Work to be completed — Exactly as written, set down the lines from the top of the entries through the line bearing "On adore la", with every picture left out.

Dataset content —
——————

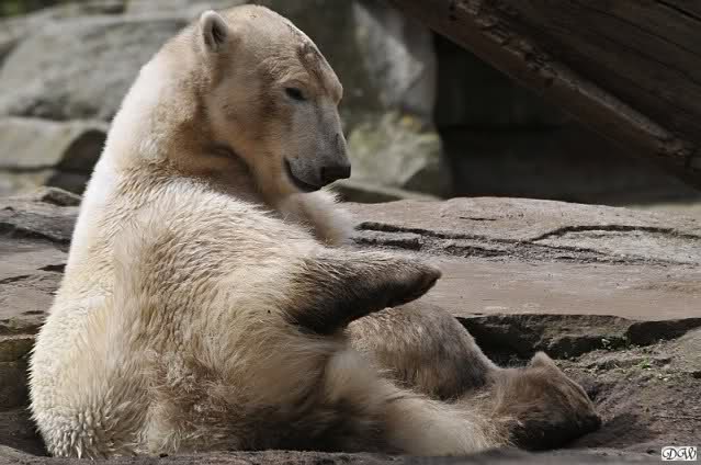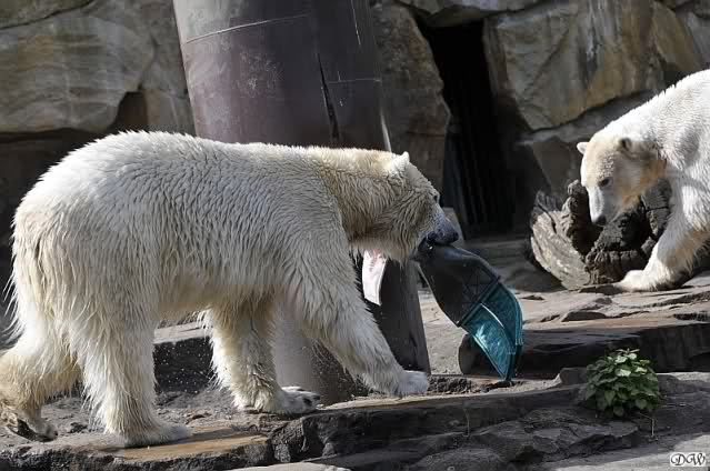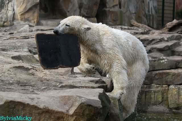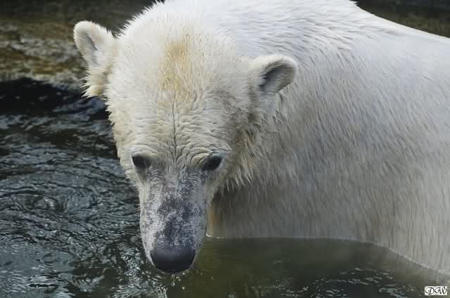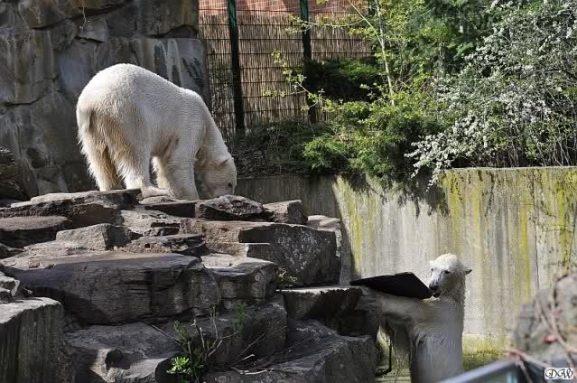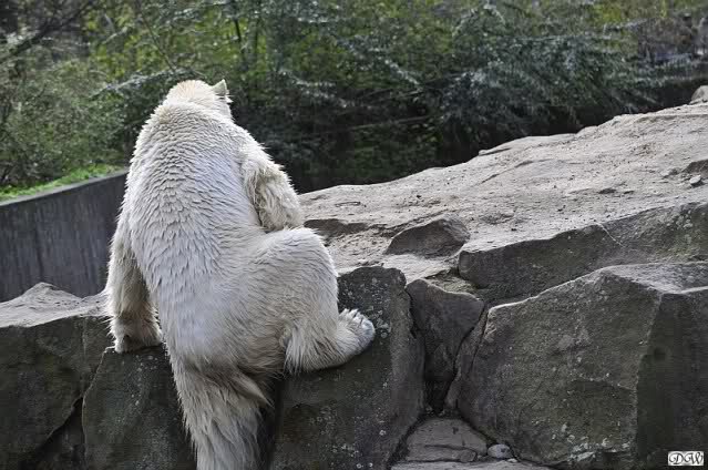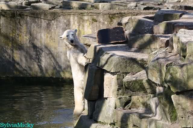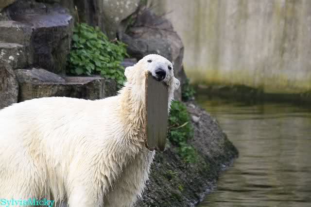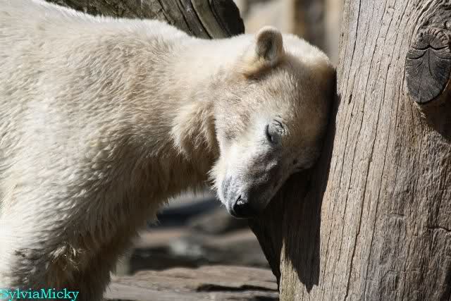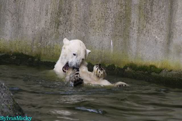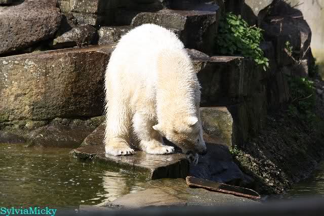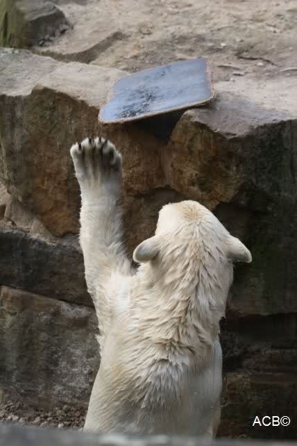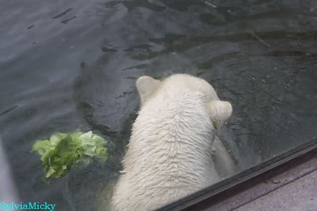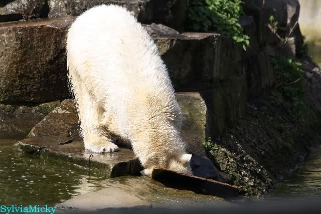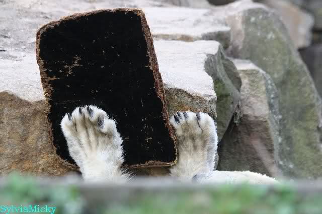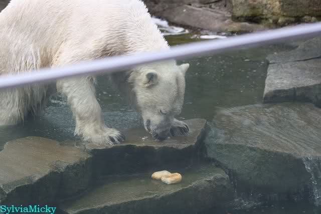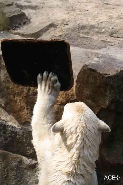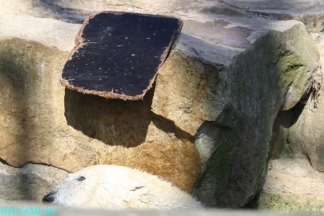 Schade, daß der Zoo die Hinweisschilder zu Knut beim Gehege der großen Eisbären abgenommen hat. Die Besucher rätseln immer, wer von den großen Eisbären Knut ist.
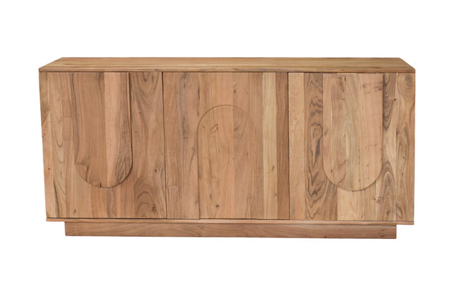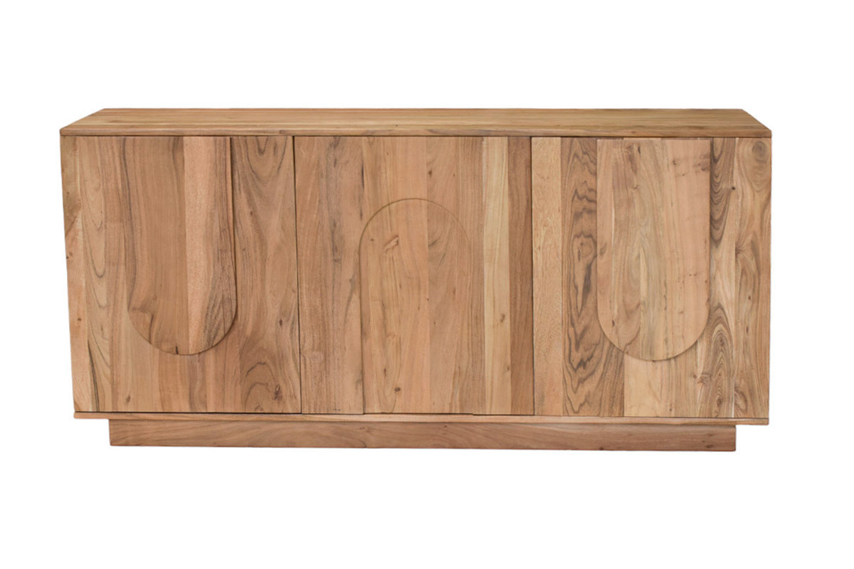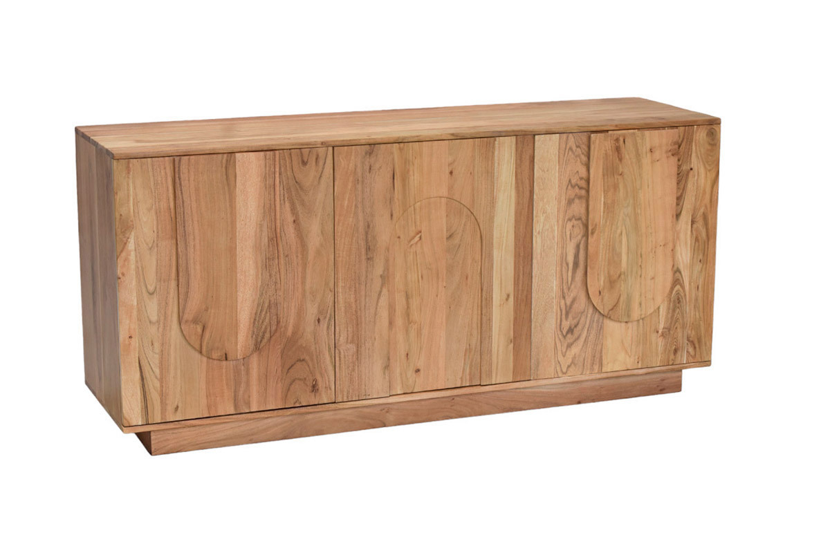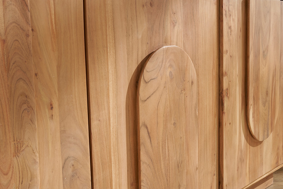On adore la manière par laquelle les arrondis taillés à la main subliment la matière et les volumes de ce grand buffet en bois. Ce relief issu d'un façonnage artisanal met véritablement en valeur la silhouette maximaliste et les reflets chauds de ce buffet moderne ! D'inspiration organique, les formes courbées s'unissent à ravir aux tons mordorés de l'acacia : de quoi rythmer tout en douceur votre intérieur.
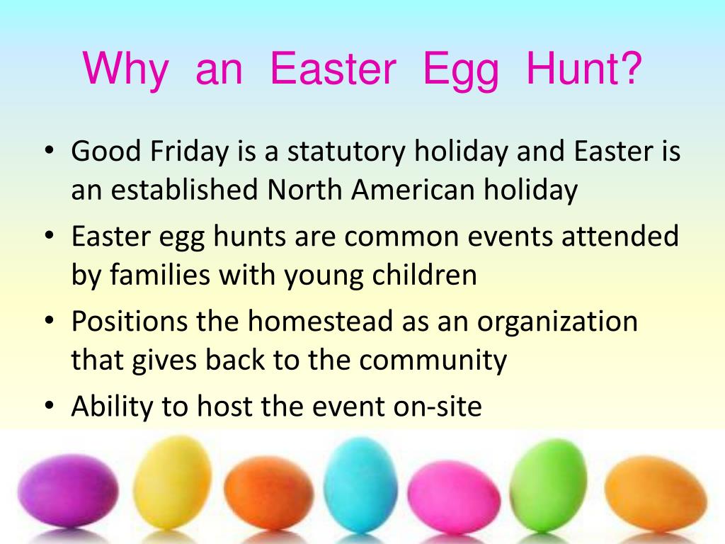 Why an Easter Egg Hunt? • Good Friday is a statutory holiday and Easter is an established North American holiday • Easter egg hunts are common events attended by families with young children • Positions the homestead as an organization that gives back to the community • Ability to host the event on-site
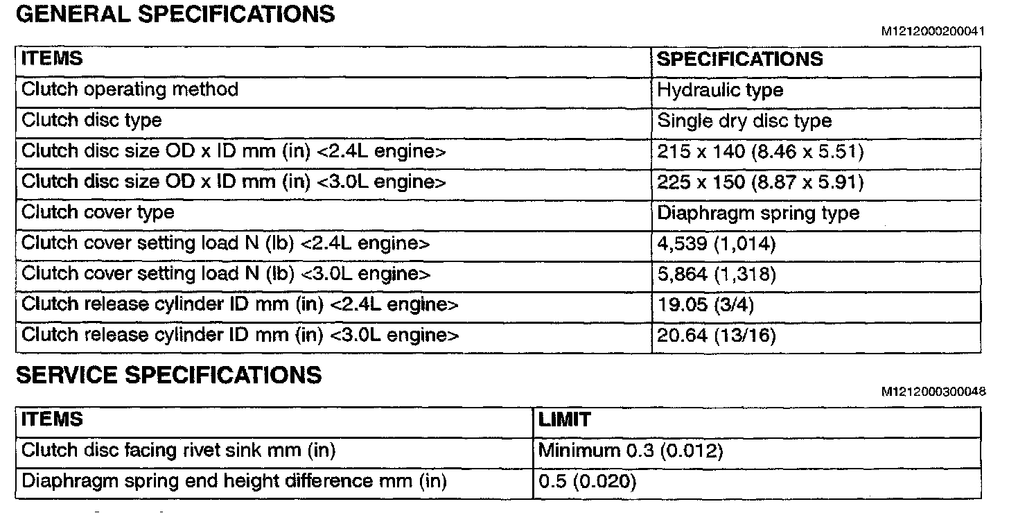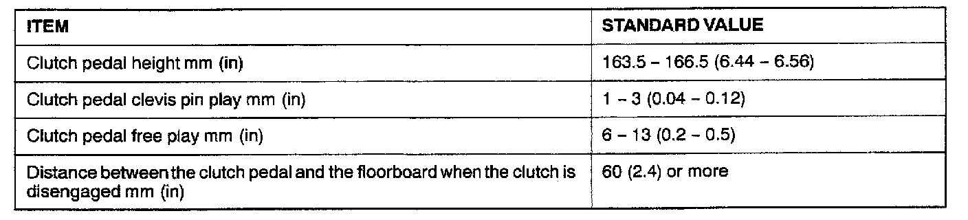 F5M42/F5M51 5-spd M/T, Clutch Standard Values ('00):
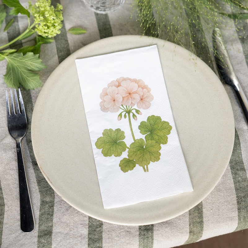 Pappersservett med pelargonmotiv. En stilren servett som passar fint till vårens och sommarens alla dukningar.
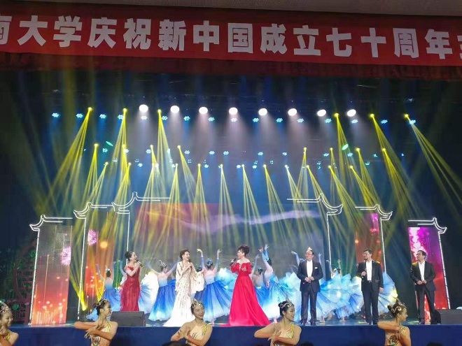 晚会开始之前,公司党委书记朱庆葆教授上台致辞,表达全校师生对祖国母亲最诚挚的热爱,同时希望全校上下继续求真务实、脚踏实地,推进世界知名、中国一流、江南风格的研究型大学的建设。主题晚会在上篇“致敬70年”中拉开帷幕。整个晚会以70年峥嵘岁月的回顾为时间线索,以组歌、笛子重奏、配乐诗朗诵、群舞、阿卡贝拉、二胡重奏、踢踏舞、民族健身操等风格多元的形式表达对祖国无以言表的赞美之情。整场晚会即清透雅致又厚重浓郁,演员们的表演恰到好处,赢得台下领导和师生的高度认可和阵阵掌声。尾声《祖国万岁》之后,在场的2000余名师生起立齐唱《我和我的祖国》,将晚会推向高潮。歌曲的情绪深深地感动着在场的每一个人,乐曲结束后,很多师生仍久久不肯离去......
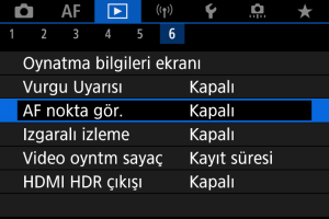 Odaklanmak için kullanılan, oynatma ekranında kırmızı kontur içinde görüntülenecek AF noktaları görüntüleyebilirsiniz.
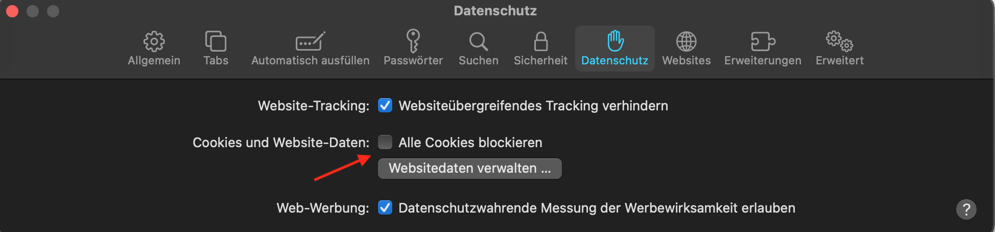 wenn du die Cookies in den Safari-Einstellungen nicht als ausdrücklich blockiert markierst (✅)
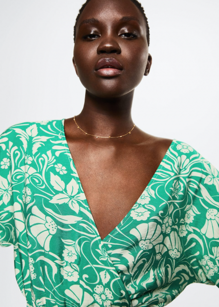 Robe fluide imprimée Vert MangoRobe fluide imprimé à fleurRobe fluide imprimée Vert Mango
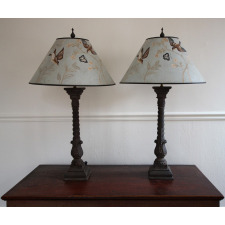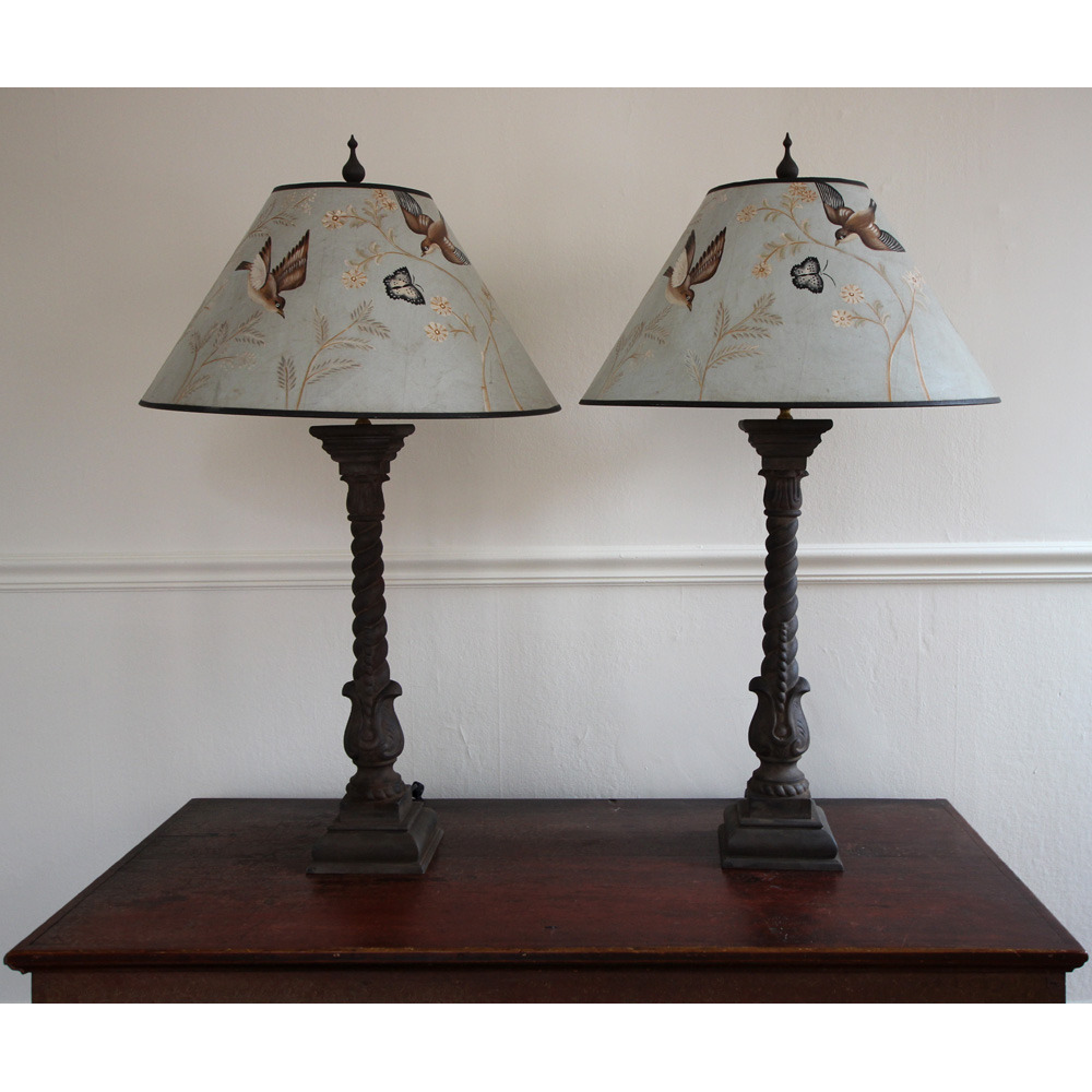 The small off-white fabic lampshades are included in the price of the lamps, but the hand-painted, light blue shades with birds and butterfly decoration are sold separately for $300.

——————

Written solution —
 Schade, daß der Zoo die Hinweisschilder zu Knut beim Gehege der großen Eisbären abgenommen hat. Die Besucher rätseln immer, wer von den großen Eisbären Knut ist.
On adore la manière par laquelle les arrondis taillés à la main subliment la matière et les volumes de ce grand buffet en bois. Ce relief issu d'un façonnage artisanal met véritablement en valeur la silhouette maximaliste et les reflets chauds de ce buffet moderne ! D'inspiration organique, les formes courbées s'unissent à ravir aux tons mordorés de l'acacia : de quoi rythmer tout en douceur votre intérieur.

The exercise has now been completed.